In 1968, on the advice of record producer Tommy West, the couple moved to New York City where they played the coffee house circuit.  In 1969, they recorded an album titled Jim and Ingrid Croce.  For the next two years, they promoted their album, performing at small clubs and colleges. 

Disillusioned with New York, Jim and Ingrid returned to Pennsylvania and settled in the countryside town of Lyndell in Chester County.  On September 28, 1971, their only child was born, a son named Adrian James Croce, known as A.J.  During that time, Jim worked in construction and did some studio work in New York, mostly background for commercials.

Croce's big breakthough came in 1972 when he signed a three-record deal with ABC Records.  That same year, he released two albums, You Don't Mess Around with Jim and Life and Times.  The title track from You Don't Mess Around with Jim was released as a single and it reached the U.S. Top Ten.  Another song from the album, "Bad Bad Leroy Brown" became a huge hit.  By August of 1973, "Bad Bad Leroy Brown" was the #1 song in the United States.  Jim toured the country and appeared on television several times.  He was a guest host on the then-popular late night music program The Midnight Special

To watch  video of Jim singing "Bad Bad Leroy Brown" on The Midnight Special, click on the link below.


Jim Croce's "Time in A Bottle" was featured as the theme in the opening and closing credits of the ABC made-for-television" movie She Lives!, which aired on September 12, 1973.  The next day, radio stations across the U.S. were inundated with requests for the song.  Jim would never see "Time in A Bottle" climb to the top of the charts.  He died only eight days later, another in a list of singers and musicians who have been killed in accidents while travelling on small planes.  The list includes Patsy Cline, Buddy Holly, The Big Bopper, Ritchie Valens, Rick Nelson, John Denver, Stevie Ray Vaughan, Otis Redding and Ronnie VanZant, Steve Gaines and Cassie Gaines of the group Lynyrd Skynyrd.

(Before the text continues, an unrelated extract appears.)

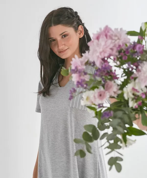 Camisón de calce suelto manga corta con escote en V.

Ingrid Croce owns and operates a restaurant dedicated to her late husband.  It is located in the historic Gaslamp Quarter of San Diego, California.  It is called Croce's Restaurant & Jazz Bar and it was opened in 1985.

Jim and Ingrid's son, A.J. Croce, is a musician.  He is an accomplished songwriter and pianist.  On September 28th, just eight days from now, Adrian will turn 40 years old.  According to his website biography, A.J. lost his eyesight temporarily in early childhood due to a brain tumour.  From the ages of four to ten, he gradually regained his vision.  A.J.'s website refers to a wife and children, but does not mention any details such as names, dates or ages.